Hinzu kommt: Die früher oft als gezielter Ausbruch aus der Unterdrückung in der eigenen Familie praktizierte Heirat wird immer schwieriger - aus finanziellen Gründen. Wegen der desolaten Wirtschaftslage, der niedrigen Löhne und der hohen Teuerungsrate können sich immer weniger Iraner die Gründung einer Familie leisten. Vermutlich daher hat 1998/99 die Scheidungsrate um 40 Prozent zugenommen. Eine Zeitung: «Gefährliche soziale Krisensymptome machen sich bemerkbar.»

Besonders schwer haben es junge Frauen in den unterentwickelten Provinzen entlang der irakischen Grenze. Experten sprechen von den Spätfolgen des langen Krieges mit dem Nachbarn. In der relativ kleinen Grenzprovinz Ilam haben sich 1998 - wie jetzt erst bekannt wurde - 338 jungen Frauen zwischen 15 und 24 Jahren das Leben genommen. Damit nahm dort die Selbstmordrate gegenüber dem Vorjahr um 37 Prozent zu. Bei gut 72 Prozent der Opfer handelte es sich um Abiturientinnen, die keinen Sinn mehr im Leben sahen. In Ilam gibt es kein einziges Kulturzentrum, im einzigen Kino werden fast ausschließlich Gewaltfilme gezeigt.
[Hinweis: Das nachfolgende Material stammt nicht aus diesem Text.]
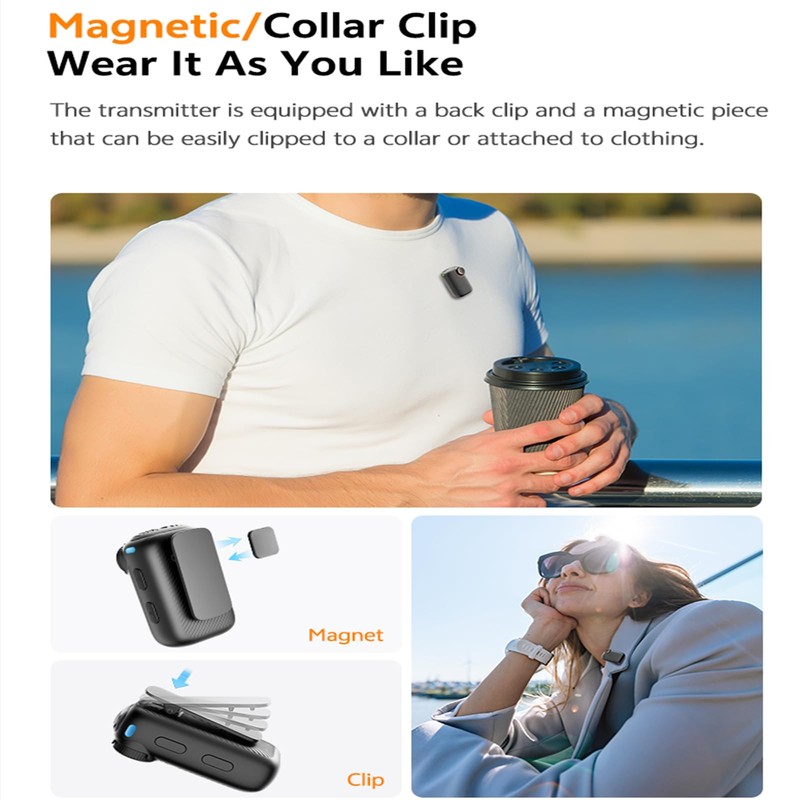 - Discreet Wearing Design: The mini microphone transmitter comes with a clip and magnetic plate for easy attachment to collars or other surfaces, ensuring flexible and convenient use in any environment. Paired with Lightning and USB-C adapters, it's compatible with multiple platforms including iPhone, Android phones, tablets, cameras, and more. Ready to use out of the box – simply connect and start recording
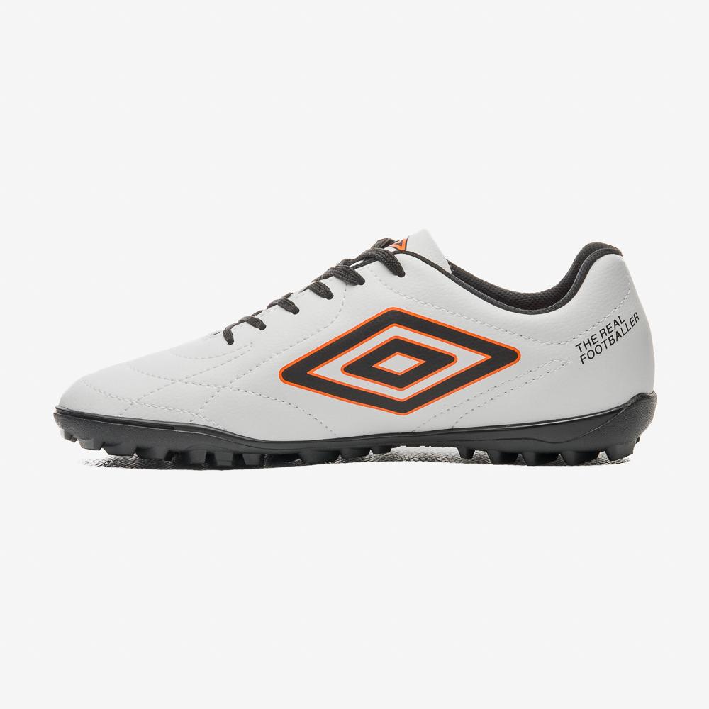 A Chuteira Society Umbro Class Footballer é um modelo consagrado, agora com um visual renovado e aprimorado. Indicada para jogadores de nível intermediário que procuram qualidade e conforto para se destacar nas partidas, esta chuteira combina um design clássico com performance superior. O cabedal é confeccionado em material laminado com textura de couro relax, apresentando aplique de artes gráficas em serigrafia e o logo Diamante centralizado na lateral, com costuras programadas. Possui palmilha interna em EVA e solado de futebol society HG em material PVC, com travas em barra e chevron.
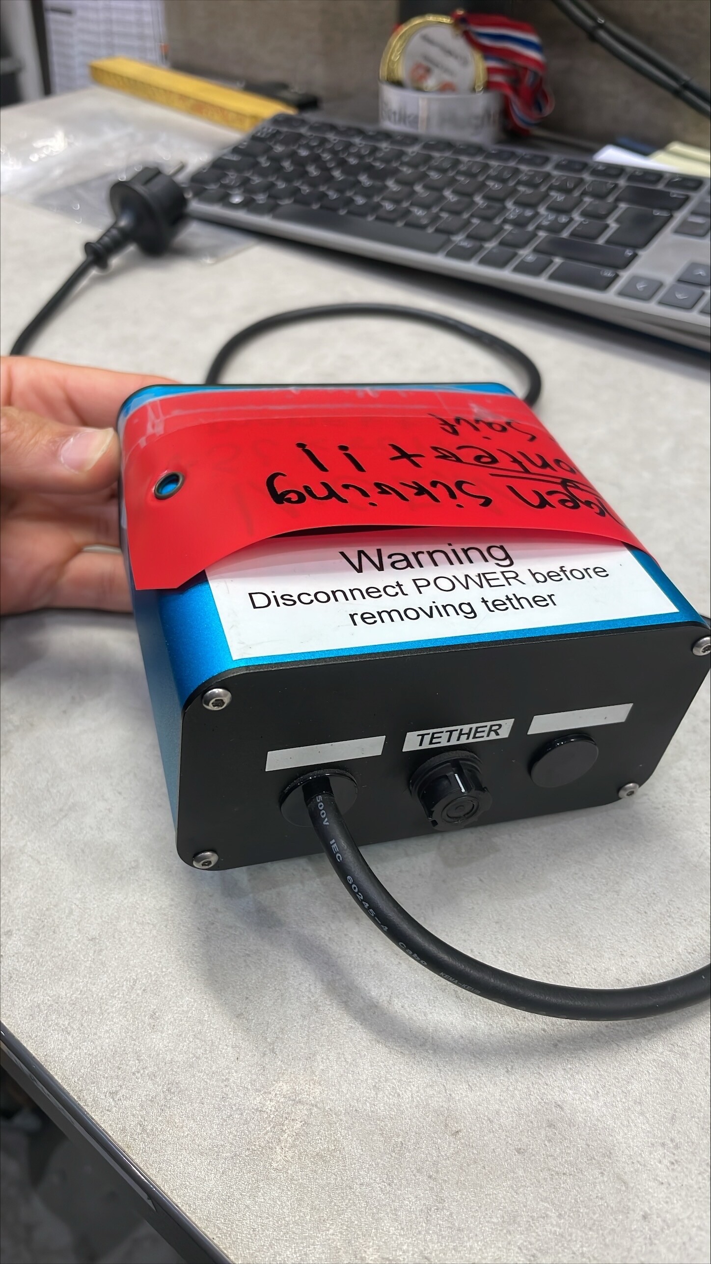 It’s possible that your tether has been damaged, and the wires in it are shorting together - making an electrical connection where there shouldn’t be one. This would cause fuses to blow quickly though, which doesn’t match your failure.

«Viele dieser Mädchen stammen aus Familien mit Stammeshintergrund, die sich in den Großstädten niedergelassen und mit der Umstellung nicht zurecht gefunden haben», hat der Dekan der medizinischen Fakultät an der Universität Ilam, Ali Morvarid, festgestellt.

Zahlreiche Frauen versuchen es mit der Flucht in Richtung Großstadt, vor allem nach Teheran - ein früher völlig undenkbarer Vorgang. Täglich werden in der Hauptstadt bis zu 45 Mädchen vom Land von der Polizei aufgefischt.

Seit Mitte 1999 werden sie im städtischen «Haus von Raynaheh» als «soziale Opfer» betreut. Dessen Leiterin, Fahimeh Eskandari, versucht, die meisten jungen Frauen zu ihren Familien zurückzubringen, weil der Verbleib in der Stadt sie zu so genannten «Spezialfrauen» abstempeln könnte, was ein Euphemismus für Prostituierte ist - ein Begriff, den es im islamischen Iran ebenfalls nicht geben darf.

«Wir wollen den Mädchen dabei helfen, zu ihrer verlorenen Identität zurückzufinden», betont Eskandari. Aber die Bemühungen der engagierten Helferin sind nur in einem von drei Fällen erfolgreich. In der Regel wollen die flüchtigen Mädchen von ihren Vätern und Brüdern nichts mehr wissen - weil sie eben von ihnen so schwer misshandelt worden sind. Dazu eine Teheraner Soziologin: «Gewalt in der Familie ist ein Thema, das im Iran so schlimm ist, dass die meisten es am liebsten verschweigen.»